### [TASK DIRECTIONS]
A faithful, word-for-word copy of the records is required, and it must contain no pictures.

(Records contained in a dataset)
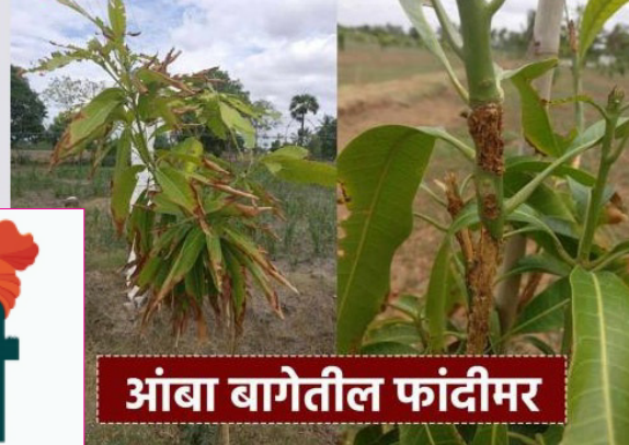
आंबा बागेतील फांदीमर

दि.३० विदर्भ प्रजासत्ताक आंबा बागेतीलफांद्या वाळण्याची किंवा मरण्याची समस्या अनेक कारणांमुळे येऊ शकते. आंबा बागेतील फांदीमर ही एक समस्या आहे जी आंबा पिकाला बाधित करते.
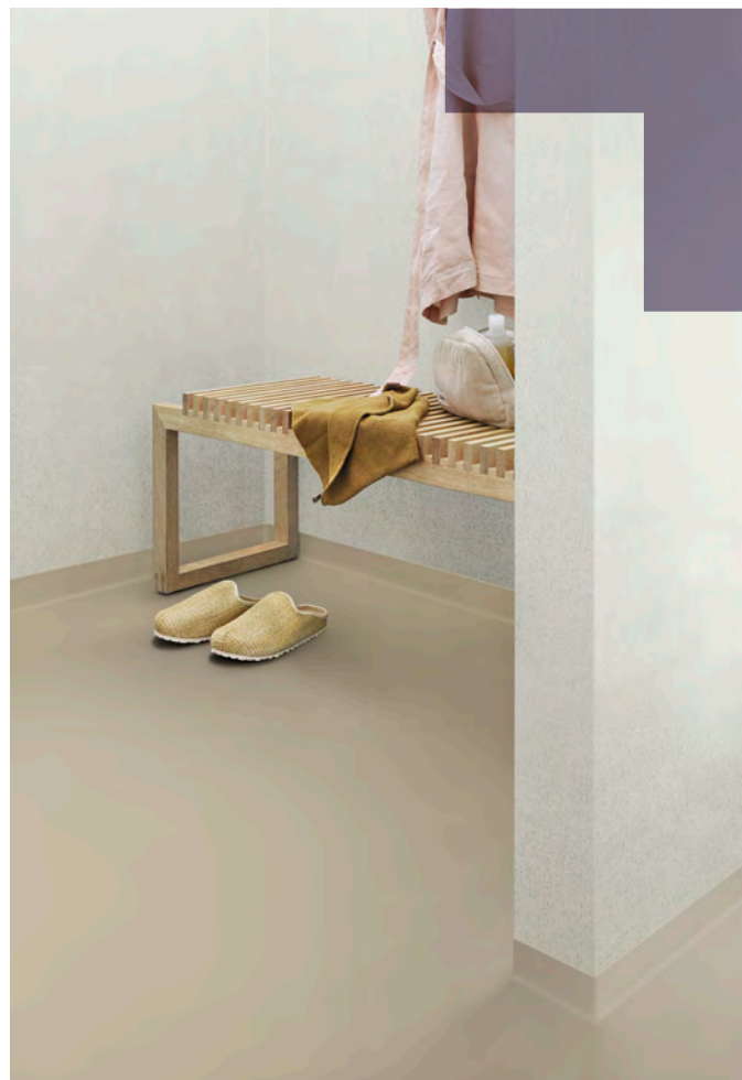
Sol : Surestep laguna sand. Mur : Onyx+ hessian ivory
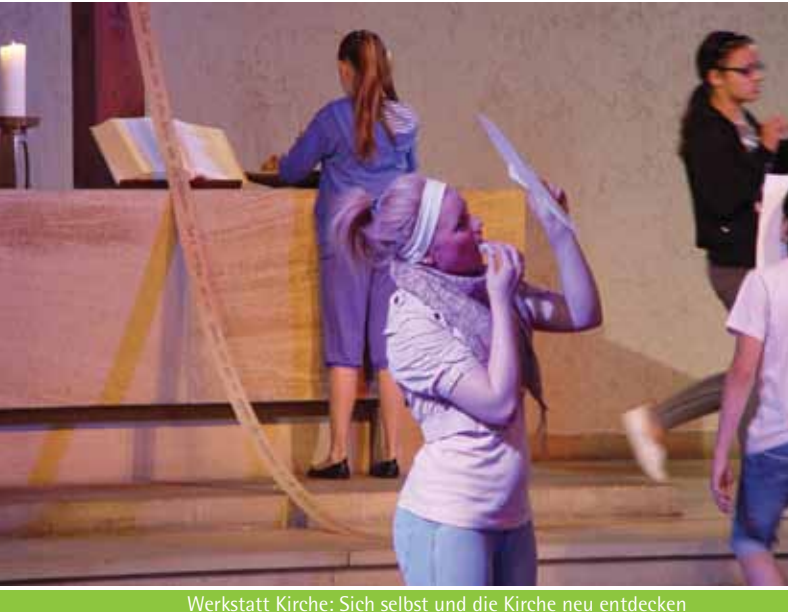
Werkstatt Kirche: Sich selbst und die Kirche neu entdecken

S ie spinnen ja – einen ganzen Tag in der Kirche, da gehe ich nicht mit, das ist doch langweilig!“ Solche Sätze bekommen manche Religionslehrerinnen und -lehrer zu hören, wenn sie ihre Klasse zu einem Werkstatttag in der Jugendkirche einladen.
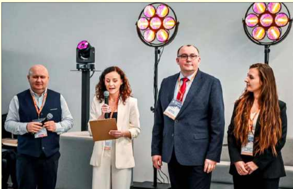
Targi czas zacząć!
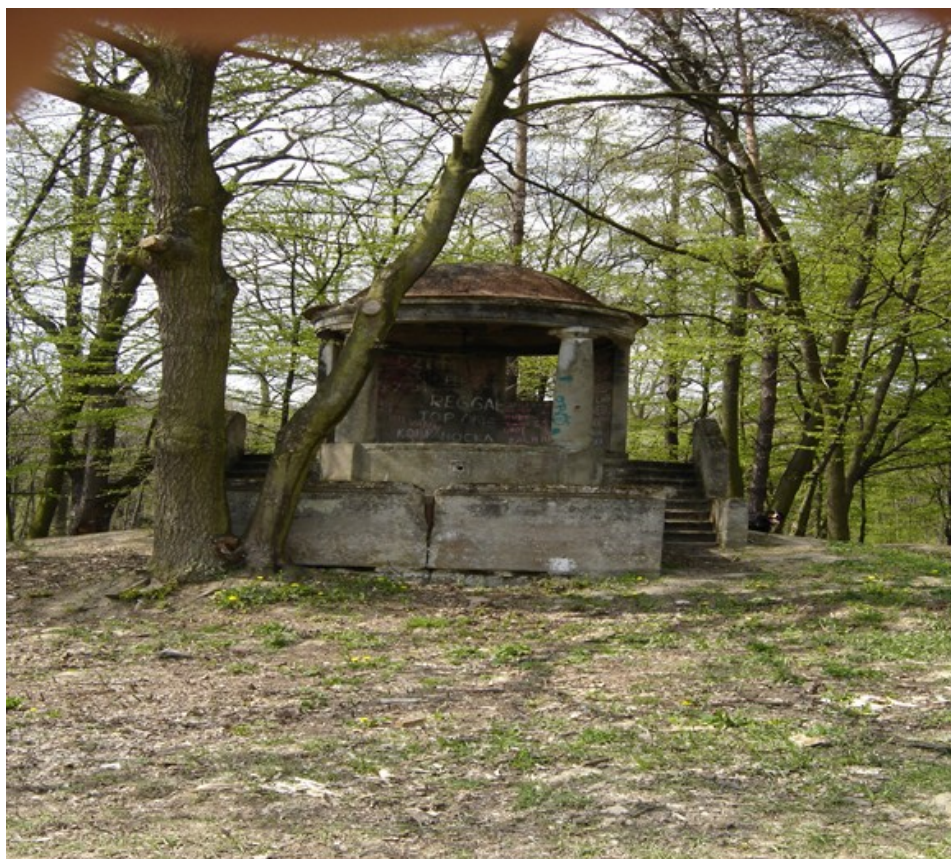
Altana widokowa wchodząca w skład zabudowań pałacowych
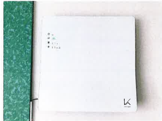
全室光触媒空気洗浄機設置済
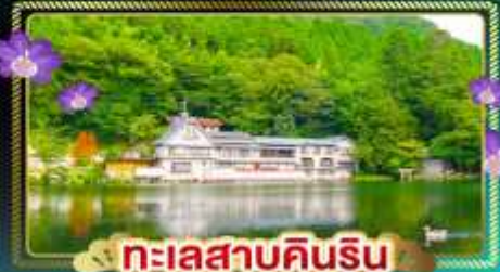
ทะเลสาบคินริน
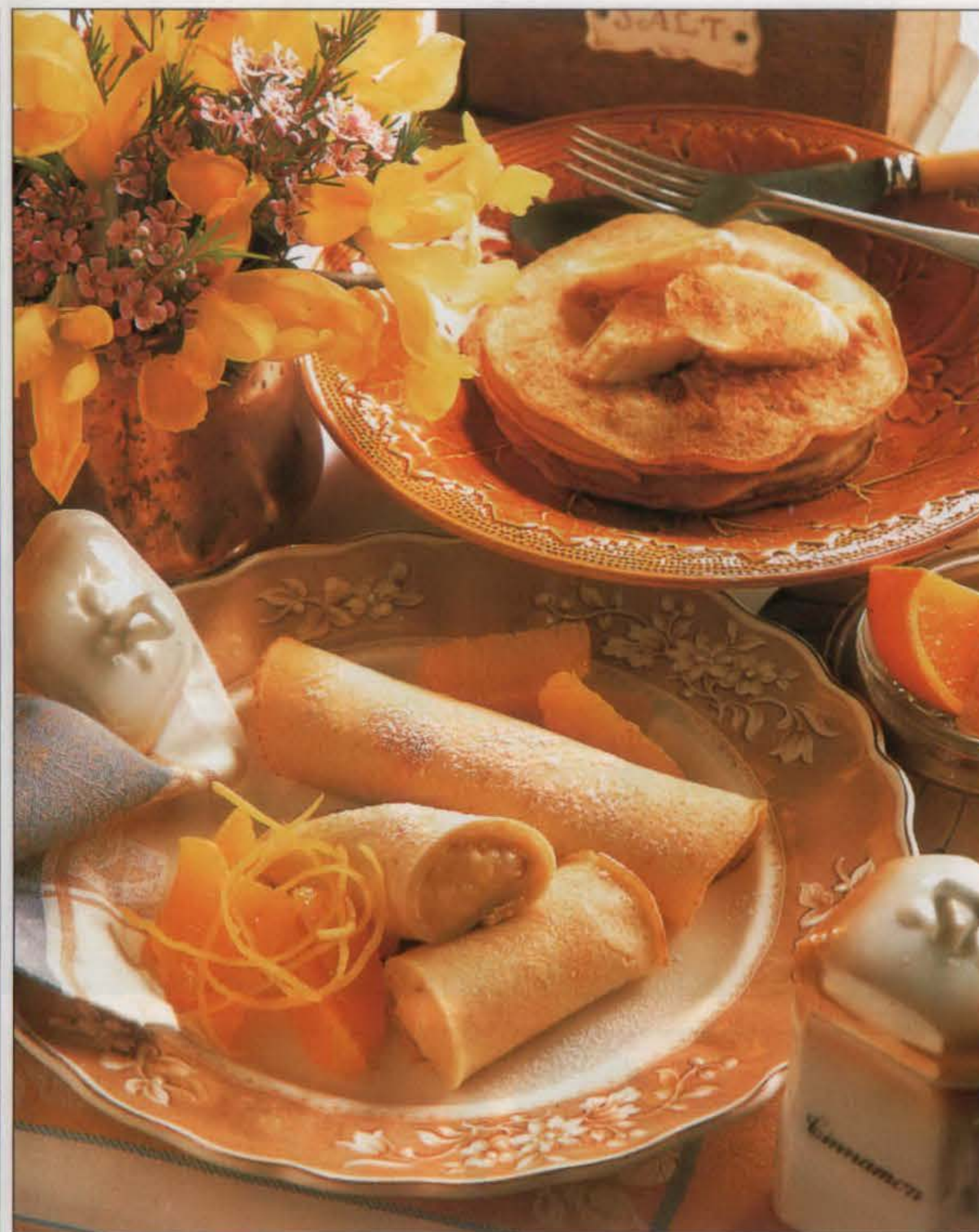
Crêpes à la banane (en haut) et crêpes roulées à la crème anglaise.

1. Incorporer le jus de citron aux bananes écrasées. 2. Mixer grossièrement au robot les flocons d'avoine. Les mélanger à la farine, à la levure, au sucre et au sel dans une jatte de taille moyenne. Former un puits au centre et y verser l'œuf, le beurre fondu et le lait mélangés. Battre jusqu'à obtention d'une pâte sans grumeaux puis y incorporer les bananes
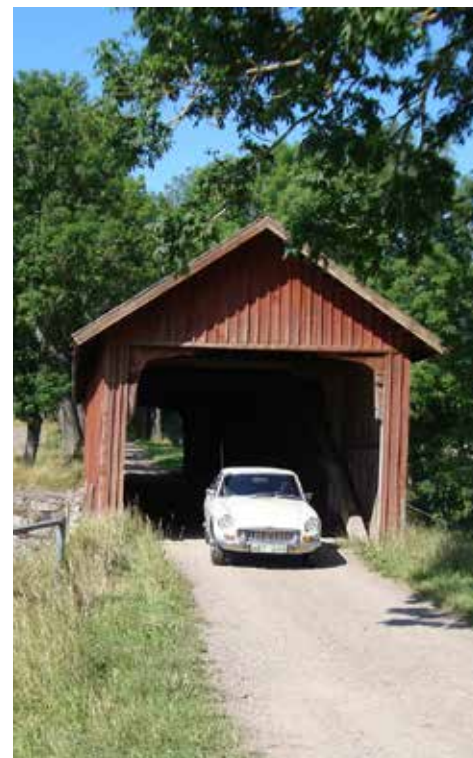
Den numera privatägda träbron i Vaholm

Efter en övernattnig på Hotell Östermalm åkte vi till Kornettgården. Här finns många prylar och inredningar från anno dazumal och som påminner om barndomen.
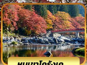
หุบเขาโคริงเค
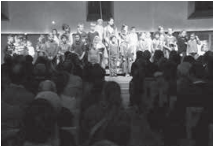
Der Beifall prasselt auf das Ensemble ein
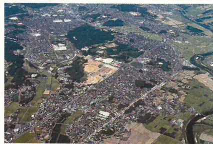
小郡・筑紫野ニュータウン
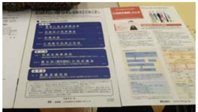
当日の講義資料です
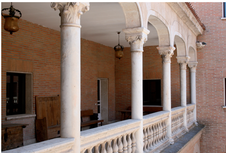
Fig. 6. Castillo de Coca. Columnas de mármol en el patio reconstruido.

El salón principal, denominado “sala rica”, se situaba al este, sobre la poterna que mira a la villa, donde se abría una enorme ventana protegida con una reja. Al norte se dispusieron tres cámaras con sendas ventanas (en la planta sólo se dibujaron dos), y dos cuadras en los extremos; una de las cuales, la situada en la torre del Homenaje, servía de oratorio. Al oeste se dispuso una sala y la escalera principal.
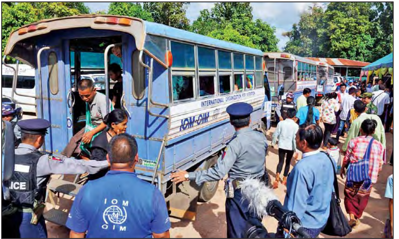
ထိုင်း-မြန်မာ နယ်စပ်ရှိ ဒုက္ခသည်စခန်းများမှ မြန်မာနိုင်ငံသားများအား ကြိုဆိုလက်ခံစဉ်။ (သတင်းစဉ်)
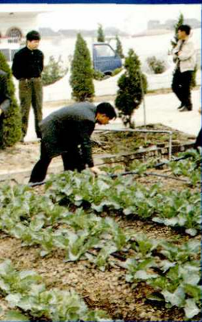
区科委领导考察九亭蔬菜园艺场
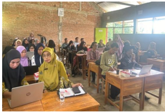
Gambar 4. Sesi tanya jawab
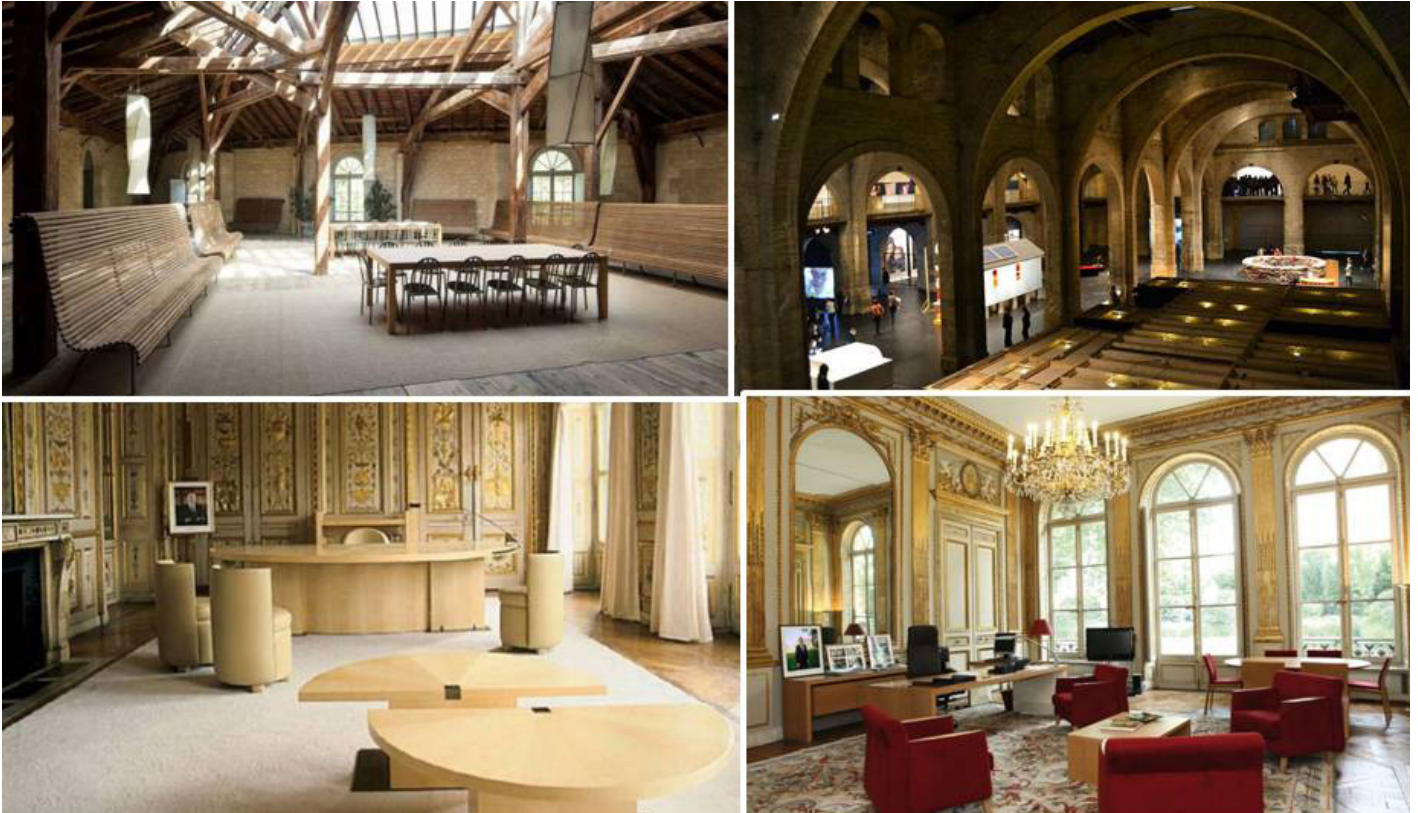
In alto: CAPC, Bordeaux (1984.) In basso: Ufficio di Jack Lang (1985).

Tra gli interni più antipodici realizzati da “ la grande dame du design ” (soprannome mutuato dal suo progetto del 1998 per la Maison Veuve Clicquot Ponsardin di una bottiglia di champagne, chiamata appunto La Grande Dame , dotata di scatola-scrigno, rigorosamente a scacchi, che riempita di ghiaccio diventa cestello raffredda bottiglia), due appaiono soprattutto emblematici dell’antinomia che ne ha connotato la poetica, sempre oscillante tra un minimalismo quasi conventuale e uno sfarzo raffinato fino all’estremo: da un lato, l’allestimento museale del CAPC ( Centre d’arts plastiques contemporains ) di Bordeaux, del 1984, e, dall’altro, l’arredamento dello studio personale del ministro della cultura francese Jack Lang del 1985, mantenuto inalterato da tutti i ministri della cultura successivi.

### [ANSWER TO THIS TASK]
आंबा बागेतील फांदीमर

दि.३० विदर्भ प्रजासत्ताक आंबा बागेतीलफांद्या वाळण्याची किंवा मरण्याची समस्या अनेक कारणांमुळे येऊ शकते. आंबा बागेतील फांदीमर ही एक समस्या आहे जी आंबा पिकाला बाधित करते.
Sol : Surestep laguna sand. Mur : Onyx+ hessian ivory
Werkstatt Kirche: Sich selbst und die Kirche neu entdecken

S ie spinnen ja – einen ganzen Tag in der Kirche, da gehe ich nicht mit, das ist doch langweilig!“ Solche Sätze bekommen manche Religionslehrerinnen und -lehrer zu hören, wenn sie ihre Klasse zu einem Werkstatttag in der Jugendkirche einladen.
Targi czas zacząć!
Altana widokowa wchodząca w skład zabudowań pałacowych
全室光触媒空気洗浄機設置済
ทะเลสาบคินริน
Crêpes à la banane (en haut) et crêpes roulées à la crème anglaise.

1. Incorporer le jus de citron aux bananes écrasées. 2. Mixer grossièrement au robot les flocons d'avoine. Les mélanger à la farine, à la levure, au sucre et au sel dans une jatte de taille moyenne. Former un puits au centre et y verser l'œuf, le beurre fondu et le lait mélangés. Battre jusqu'à obtention d'une pâte sans grumeaux puis y incorporer les bananes
Den numera privatägda träbron i Vaholm

Efter en övernattnig på Hotell Östermalm åkte vi till Kornettgården. Här finns många prylar och inredningar från anno dazumal och som påminner om barndomen.
หุบเขาโคริงเค
Der Beifall prasselt auf das Ensemble ein
小郡・筑紫野ニュータウン
当日の講義資料です
Fig. 6. Castillo de Coca. Columnas de mármol en el patio reconstruido.

El salón principal, denominado “sala rica”, se situaba al este, sobre la poterna que mira a la villa, donde se abría una enorme ventana protegida con una reja. Al norte se dispusieron tres cámaras con sendas ventanas (en la planta sólo se dibujaron dos), y dos cuadras en los extremos; una de las cuales, la situada en la torre del Homenaje, servía de oratorio. Al oeste se dispuso una sala y la escalera principal.
ထိုင်း-မြန်မာ နယ်စပ်ရှိ ဒုက္ခသည်စခန်းများမှ မြန်မာနိုင်ငံသားများအား ကြိုဆိုလက်ခံစဉ်။ (သတင်းစဉ်)
区科委领导考察九亭蔬菜园艺场
Gambar 4. Sesi tanya jawab
In alto: CAPC, Bordeaux (1984.) In basso: Ufficio di Jack Lang (1985).

Tra gli interni più antipodici realizzati da “ la grande dame du design ” (soprannome mutuato dal suo progetto del 1998 per la Maison Veuve Clicquot Ponsardin di una bottiglia di champagne, chiamata appunto La Grande Dame , dotata di scatola-scrigno, rigorosamente a scacchi, che riempita di ghiaccio diventa cestello raffredda bottiglia), due appaiono soprattutto emblematici dell’antinomia che ne ha connotato la poetica, sempre oscillante tra un minimalismo quasi conventuale e uno sfarzo raffinato fino all’estremo: da un lato, l’allestimento museale del CAPC ( Centre d’arts plastiques contemporains ) di Bordeaux, del 1984, e, dall’altro, l’arredamento dello studio personale del ministro della cultura francese Jack Lang del 1985, mantenuto inalterato da tutti i ministri della cultura successivi.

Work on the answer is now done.